Gilead’s Twice-Yearly Lenacapavir Demonstrated 100% Efficacy and Superiority to Daily Truvada® for HIV Prevention

Rhea-AI Summary

Gilead Sciences (Nasdaq: GILD) announced interim Phase 3 trial results showcasing the 100% efficacy of its twice-yearly injectable HIV-1 capsid inhibitor, lenacapavir, for HIV prevention in cisgender women. The PURPOSE 1 trial concluded with zero HIV infections, demonstrating lenacapavir’s superiority over daily oral Truvada and background HIV incidence. Based on these findings, the independent Data Monitoring Committee advised halting the blinded phase and transitioning all participants to open-label lenacapavir. The trial included over 5,300 cisgender women and adolescent girls across 28 sites in South Africa and Uganda. Lenacapavir was generally well-tolerated with no new safety concerns. Gilead plans to present more detailed data at a future conference and continues additional trials under the PURPOSE program, aiming to end the HIV epidemic globally.

Positive

• 100% efficacy of lenacapavir for HIV prevention in cisgender women.
• Independent Data Monitoring Committee recommended offering open-label lenacapavir to all participants.
• No new safety concerns identified with lenacapavir.
• Zero HIV infections in the lenacapavir group during the trial.

Negative

• Descovy group did not show statistical superiority over background HIV incidence.

Insights

Medical Research Analyst

The recent interim analysis results from Gilead’s PURPOSE 1 trial are significant, demonstrating 100% efficacy of twice-yearly lenacapavir in preventing HIV infections among cisgender women. This is a particularly notable achievement, considering previous challenges with adherence to daily oral PrEP medications such as Truvada and Descovy. By reducing the need for daily medication, lenacapavir could improve adherence rates, a critical factor in the effectiveness of HIV prevention strategies.

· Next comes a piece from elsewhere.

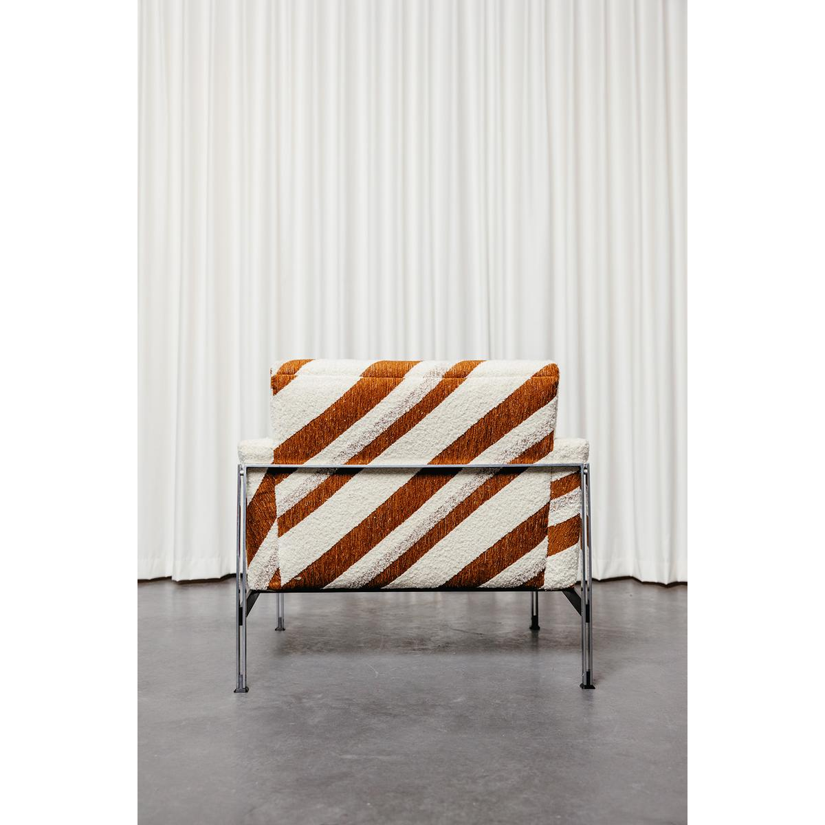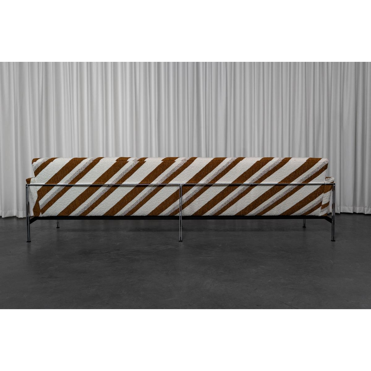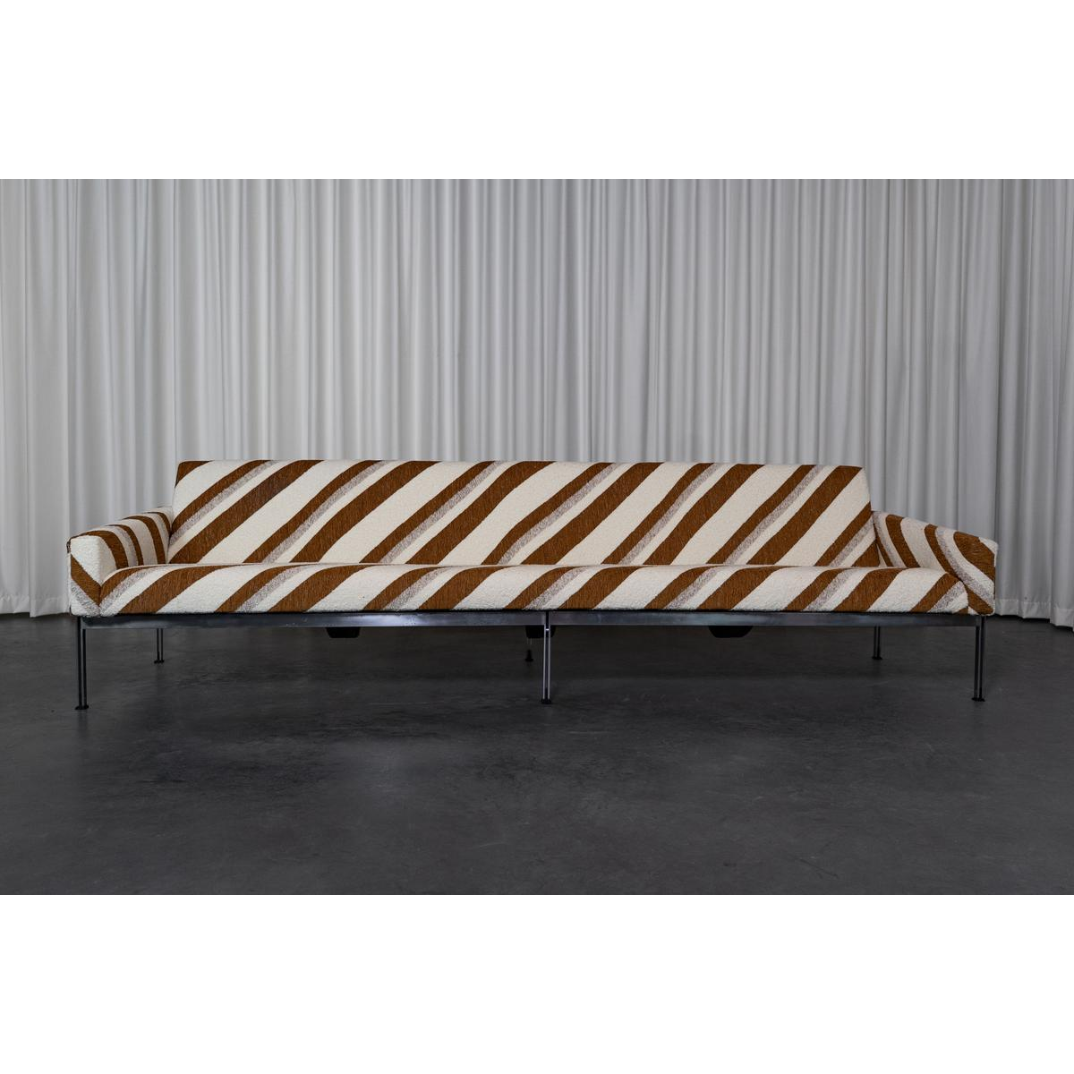 Bank en fauteuil van Wolfgang Herren voor Lübke, Duitsland, 1960. Deze bank en fauteuil op een dun metalen onderstel zijn volledig opnieuw gestoffeerd en bekleed met een gestreepte jacquardstof van Casamance.

Moreover, the trial's design, which did not include a placebo group for ethical reasons, underscores the reliability of the efficacy results. The absence of new safety concerns also boosts the clinical profile of lenacapavir. Should these results be corroborated by PURPOSE 2 and subsequent studies, lenacapavir could represent a major advancement in HIV prevention, offering a more practical and potentially more acceptable option for many individuals at risk of HIV.

Market Research Analyst

From a market perspective, Gilead's success with lenacapavir could significantly enhance its position in the HIV prevention landscape. The demonstrated efficacy and favorable safety profile position lenacapavir as a strong competitor against existing daily PrEP options, potentially capturing a substantial market share. Additionally, the twice-yearly administration aligns well with the observed preference for less frequent dosing regimens among patients, which could lead to better adherence and wider acceptance.

Furthermore, these results could drive investor confidence in Gilead's innovative approach to HIV prevention and treatment, potentially leading to positive stock performance. However, investors should remain cautious until PURPOSE 2 results are available, as these will be critical for regulatory approval and broader market adoption. The company's commitment to accessibility in low-income countries could also positively influence Gilead's public image and drive long-term growth.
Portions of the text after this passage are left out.